Anyway, I was halfway through my book -- and craving bacon for some reason -- when Megan's car pulled up. It was a small, blue, four-door Chevy and that description pretty much exhausted my knowledge of cars. I tucked my manga into my purse and got in on the front seat passenger side.

"Morning, Abby," Megan said in greeting as I buckled myself in. That's one of the things I love about her. Megan is aware that "good" and "morning" are oxymoronic in conjunction -- even if her bright-eyed, chipper smile implied that perhaps they didn't form a contradiction in terms when applied to her own life.

"Morning," I answered back as I settled in.

Cars are one of the things I have issues with -- especially when I'm the one driving.

I have my license because dad insisted it was a necessity of life, but when he was teaching me to drive he impressed on me the ease with which one could lose control of a vehicle and kill everyone around them and everyone riding with them and be forced to live for decades in a hospital, paralyzed from a severed spine and guilt.
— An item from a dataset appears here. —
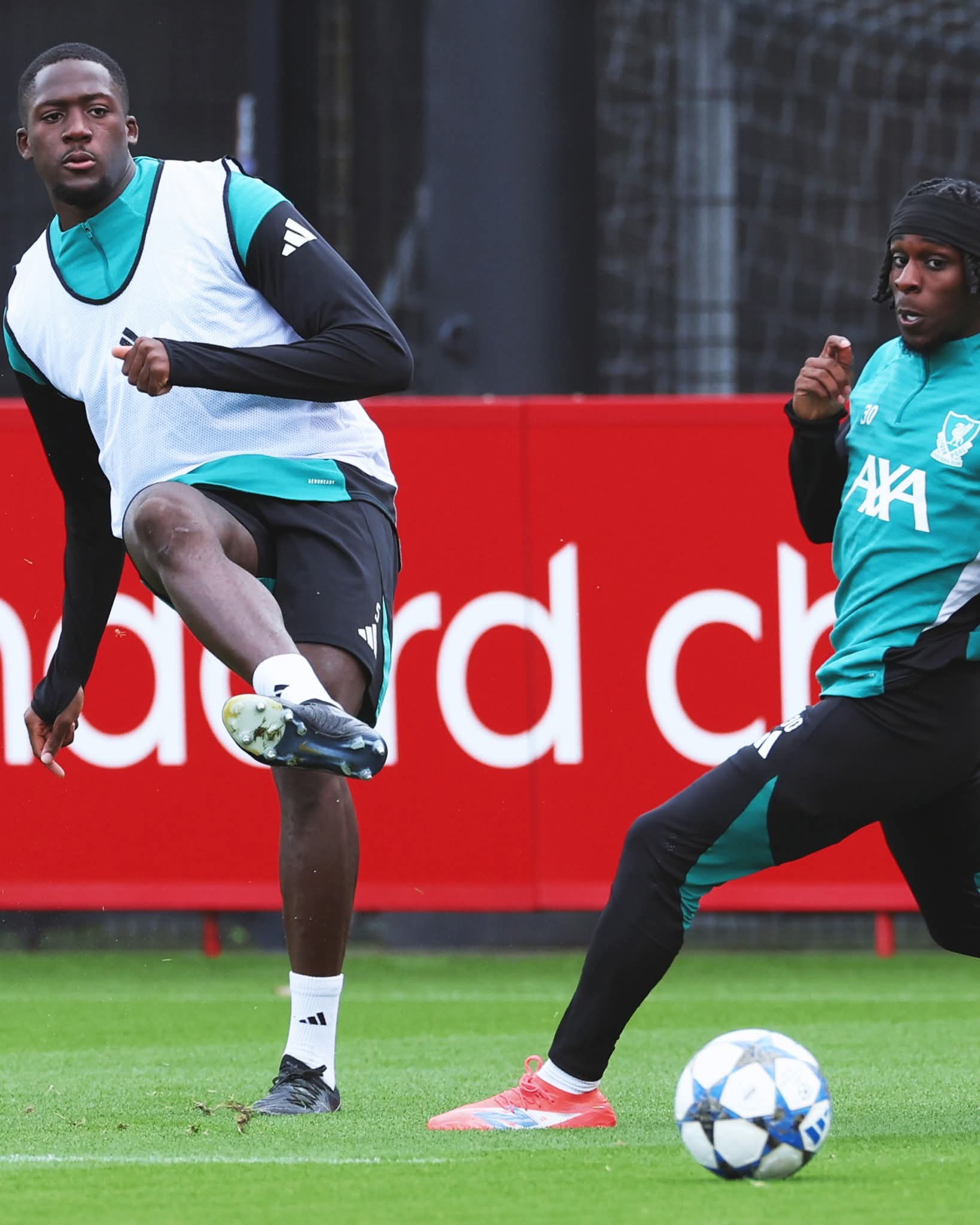 Liverpool’s English midfielder #17 Curtis Jones (R) and Liverpool’s English striker #73 Rio Ngumoha (L) compete during a sprinting exercise as they take part in a training session at the team’s training ground in Kirkby, north of Liverpool in northwest England, on October 21, 2025, on the eve of their UEFA Champions League league phase football match against Eintracht Frankfurt. (Photo by Oli SCARFF / AFP) (Photo by OLI SCARFF/AFP via Getty Images)

I never quite got over that. But it doesn't bother me so much if someone else is driving. If I'm not behind the wheel and not distracting the driver, then any cataclysmic accident won't be my fault. Maybe it's a little weird, but being unable to affect the outcome of a trip is just about the only way I can stand to be in a car for an extended period.

Now, my fear of strangers and being sold to slavers does prevent me from availing myself to public transportation or cab services, but fortunately for me Megan has no problem with driving. I carpool to and from work with her every day, and she usually gives me a ride to anywhere else I need to be but can't walk to.

Megan is an awesome friend. My best friend.

She's also a total Mary Sue. She's smart; I always had to crib her notes in college. She's fun and sociable; she was always inviting me out to parties she'd been invited to, and still does.

She's even independently wealthy, thanks to an inheritance from her dowager aunt or something. She doesn't really talk about her family, so I guess there's some kind of tension there, but that's not a character trait so it totally doesn't count against her Mary Sue status.